这是第一次钟离将如此尖锐的话用在
联盟身上。但愈是如此说,愈是想撇清自己与景元的关系。冱渊君岂会不知钟离的用意,半是阴阳半是敬佩道:“先生倒是善解人意得很。事到如今,还为景元将军如此说话。”
钟离道:“既然冱渊君这段时日一直身在罗浮,又岂会不知一连几夜神策府都灯火通明。景元宵衣旰食,衣不解带,操劳数日,兢兢业业。如此良将,联盟还诸多怀疑,当真让人心寒。”
冱渊君听着钟离义愤填膺的话,轻轻勾唇:“先生怕是弄错了我来罗浮的目的,我并非如飞霄或者怀炎一般来罗浮询问景元建木重生或是呼雷出逃相关事宜的。”
钟离道:“若是如此,阁下是为持明族一事而来了。”
“正是。”冱渊君道:“我有一事不明,留音石乃我持明族的宝物,被封在方寸烟海之地。先生是如何得到此物的?”
“或许我曾经去过方壶仙舟。”
冱渊君摇头:“先生如此相貌,若是曾出现在方壶仙舟,我定会留意到。”
“或许我会易容之术。”
冱渊君再次摇头:“先生若会易容之术,依先生的智慧,恐怕早已知晓自己的这张面孔会带来多少无妄之灾,怕是早已乔装改扮,叫人认不出自己了。”
“或许我并不惧怕这些无妄之灾,甚至想一展拳脚,大展宏图,借着这张面孔让景元起怜惜相护之情。将景元当作垫脚石,步步高升,有朝一日登上元帅的宝座。”

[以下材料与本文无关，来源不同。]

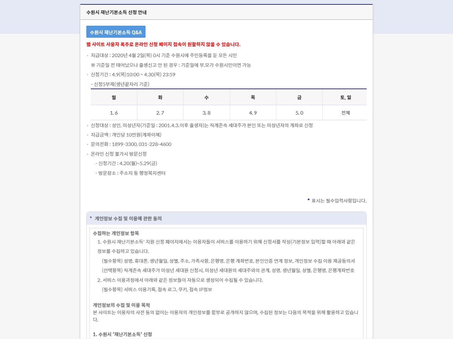 2020년 4월 9일 열린 재난기본소득 홈페이지에
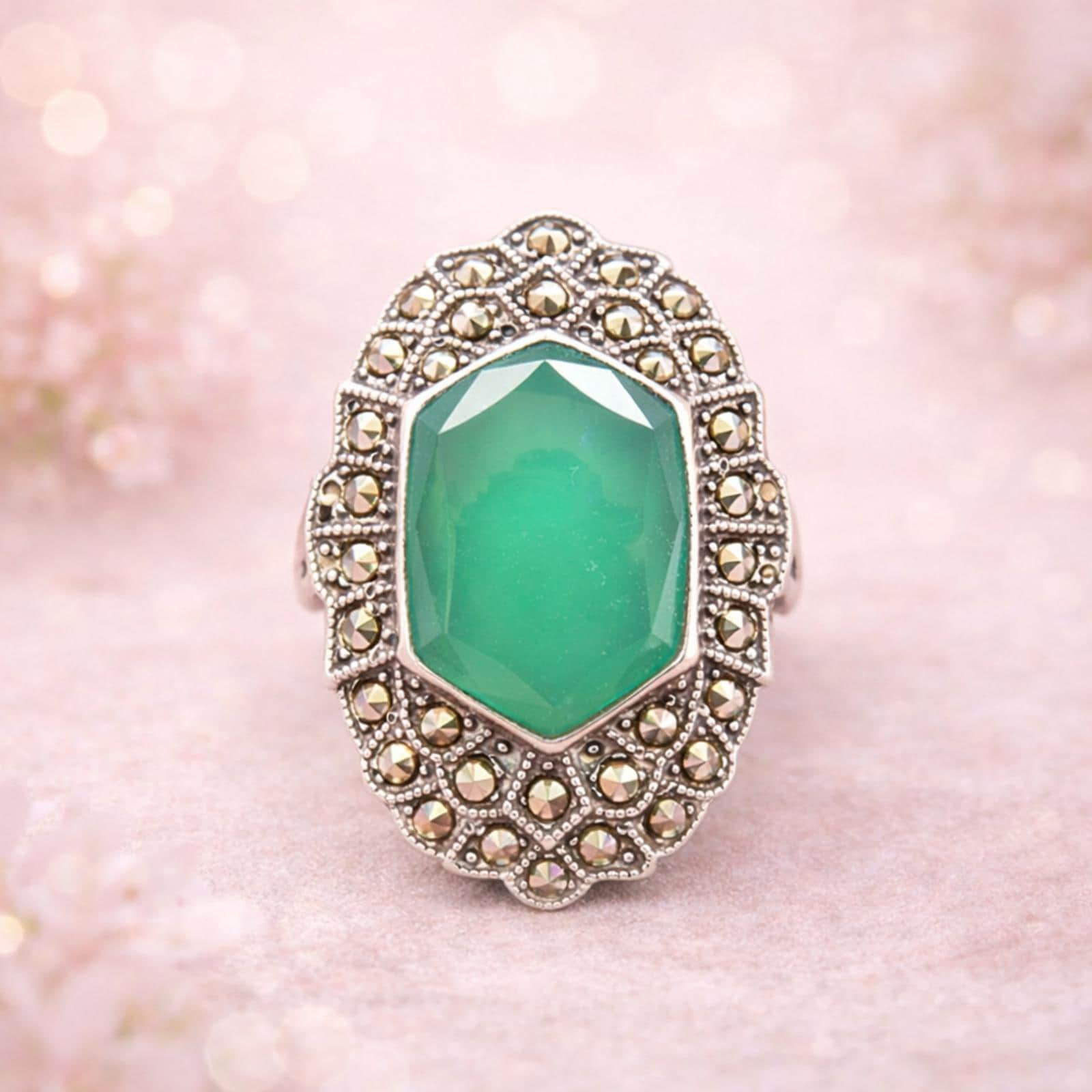 This stunning vintage ring from the Art Deco era (circa 1920s-1940s) showcases the classic filigree craftsmanship of the Uncas Manufacturing Company. The large, hexagonal-cut green chalcedony (or chrysoprase-style glass) gemstone is prominently featured, surrounded by a sparkling double halo of genuine marcasite accents.
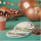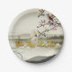 Lovely and bucolic scene with cherry blossom bird as background + golden Happy New Year in Vietnamese. Design on paper plate. Matching paper napkin, greeting card, postcard, invitation and more.... Perfect for a romantic and timeless Vietnamese New Year and for year of the Ox 2021.
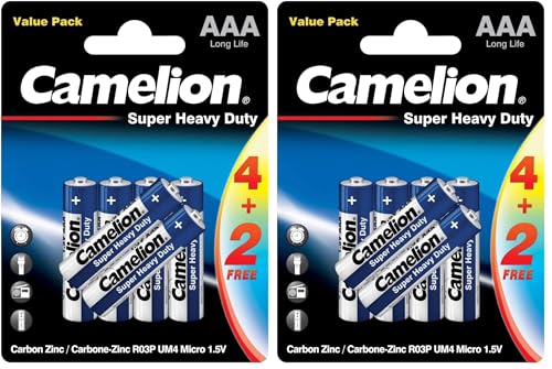 Camelion - بطاريات زنك وكربون شديدة التحمل من نوع AAA من كاميليون - 4 قطع + قطعتان مجانيتان (عبوة من قطعتين)
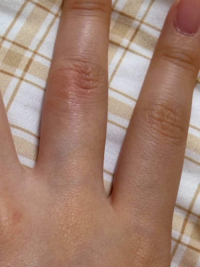 저녁으로 라면 먹었는데 먹고 나니까 갑자기 간지럽더니 긁었는데 저렇게 부었어요 옆 손가락이랑 비교했을때,,

“……”冱渊君有些许无语,她轻轻叹了一口气:“先生表面看来极其一本正经,不成想如今竟谎话连篇。这些话从先生的口中说出,先生怕是连自己都不信吧。”
钟离微笑道:“冱渊君对我不甚了解,又如何能断定我不是如此想的呢?”
“先生的无名客小友。”冱渊君道:“先生有所不知,几日前十王曾造访星穹列车,与那位半路上车的无名客相谈甚欢。她说先生极其不务正业,平日里极爱遛鸟赏花品鉴古玩,还爱当甩手掌柜,自己给自己风光地办了场葬礼。”
钟离默了半晌:“我那位小友极其不正经,行为极为乖张,她说的话如何能取信于人?”
冱渊君道:“不能不信。”
“为何?”钟离问道。
冱渊君不发一言,神情有些不自然。
钟离看了半晌,顿时有些明白了几分,不由得笑道:“我那位小友常挂在嘴边的一句话便是,食色性也。为了套出这些情报,想必十王受了不少委屈。”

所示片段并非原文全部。